I listened to a lot of Nirvana as a teenager, usually at full volume. “Nevermind” was pretty much on repeat for a time there, and my mom often worried that I’d lose my hearing. One of the things I loved about their music was the energy, but also how raw and simple it was. People who didn’t appreciate Nirvana’s music would lament how “they only knew three chords.” My response was if three chords work why do you need to use more?

Over the years I’ve come to appreciate other types of music, including progressive rock, which is known for how intricate the music can be (think Yes, Dream Theater, Rush, the Mars Volta). I’ve come to recognize the value in intricate skill, but often I yearn for the simple, frenetic sounds in a song that spans a few minutes rather than a majestic, orchestral 20-minute epic.

I believe there is a parallel with IT operations here. In this case, artificial intelligence (AI)/machine learning workloads will be the example.

As Santosh Rao pointed out in his first blog on AI, “enterprises are eager to take advantage of AI technologies as a means to introduce new services and enhance insights from company data.” But what enterprises are finding is that these workloads are not “Come as You Are,” but instead are often massively complex – featuring multiple moving parts and applications. This kind of complexity can drive people away from a technology – recall the initial adoption of OpenStack. While adoption rates for OpenStack have steadily increased over recent years, early adoption of the platform was slow, partly due to the complexity around setup and management.

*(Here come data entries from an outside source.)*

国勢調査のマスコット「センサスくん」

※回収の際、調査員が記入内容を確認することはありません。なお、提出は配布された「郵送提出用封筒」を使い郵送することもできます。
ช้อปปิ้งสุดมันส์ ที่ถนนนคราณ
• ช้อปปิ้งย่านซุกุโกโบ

NetApp® also learned lessons about over complicating things from early releases of ONTAP®, and since then has been applying those lessons to the release of new products and architectures. The objective now is to make the technology as simple as possible so that using our products doesn’t “Drain You.”

Simplicity through Convergence

Recently, NetApp announced the release of a new converged infrastructure to help enterprises quickly and easily stand up AI architecture at scale with NetApp ONTAP® AI, which features ONTAP, AFF, and NVIDIA DGX-1 servers.

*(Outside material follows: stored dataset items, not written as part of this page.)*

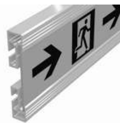
Фотолюминесцентная разметка линейная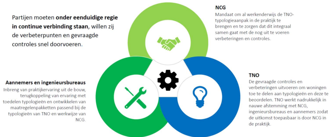
Figuur 1: Partijen moeten via een (project)sturing in continue verbinding staan, willen de verbeterpunten en gevraagde controles snel worden doorgevoerd.

Wij adviseren u om binnen de NCG een aparte sturing op de typologieaanpak in te stellen met aan de leiding een ervaren en gezaghebbende projectdirecteur komende uit de bouwsector. Hij of zij is lid van het MT en moet het mandaat hebben om al werkenderwijs de TNO-typologieaanpak in de praktijk te brengen en te zorgen dat dit integraal samen gaat met de nog uit te voeren verbeterpunten en controles. De projectdirecteur zorgt voor een gezamenlijke inzet en betrokkenheid van TNO, NCG, ingenieursbureaus en aannemers om de theorie met de praktijk te verbinden (zie figuur 1). Hierdoor ontstaat focus en naar de overtuiging van het ACVG ook voortgang en tempo.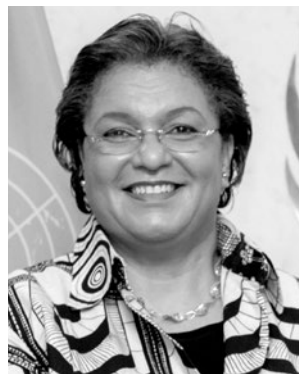
Hannah S. Tetteh

Am 10. Dezember 2018 wurde die Ghanaerin Hannah S. Tetteh zur Sonderbeauftragten des Generalsekretärs für die Afrikanische Union sowie zur Leiterin des Büros der Vereinten Nationen bei

With this solution, you can deploy a new AI infrastructure without all the configuration and guesswork, as well as scale the solution out as the AI workload demands. With NetApp’s cloud-driven strategy, you can also leverage an edge/core/cloud mentality, powered by ONTAP anywhere and everywhere and designed to address bottlenecks.

As ONTAP Senior VP Octavian Tanase put it in this blog, “ONTAP AI is designed to address AI bottlenecks wherever they occur. NVIDIA and NetApp technologies eliminate performance issues and enable secure, non-disruptive data access, delivering AI performance at scale. The NetApp Data Fabric enables you to integrate diverse, dynamic, and distributed data sources with complete control and protection.”

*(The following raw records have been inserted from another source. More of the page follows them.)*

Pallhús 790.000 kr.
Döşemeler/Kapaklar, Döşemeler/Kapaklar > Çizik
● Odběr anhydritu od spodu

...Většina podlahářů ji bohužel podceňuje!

There’s just “Something in the Way” NetApp’s AI solution takes a hard problem to solve and makes it easy. (Ok, I’ll stop with the Nirvana references now)

Simplicity through Storage Management

AI workloads can chew through a lot of data and a high number of files. When you buy a multi-node ONTAP cluster, you want peace of mind that all your hardware resources are being used to process the workload as efficiently as possible.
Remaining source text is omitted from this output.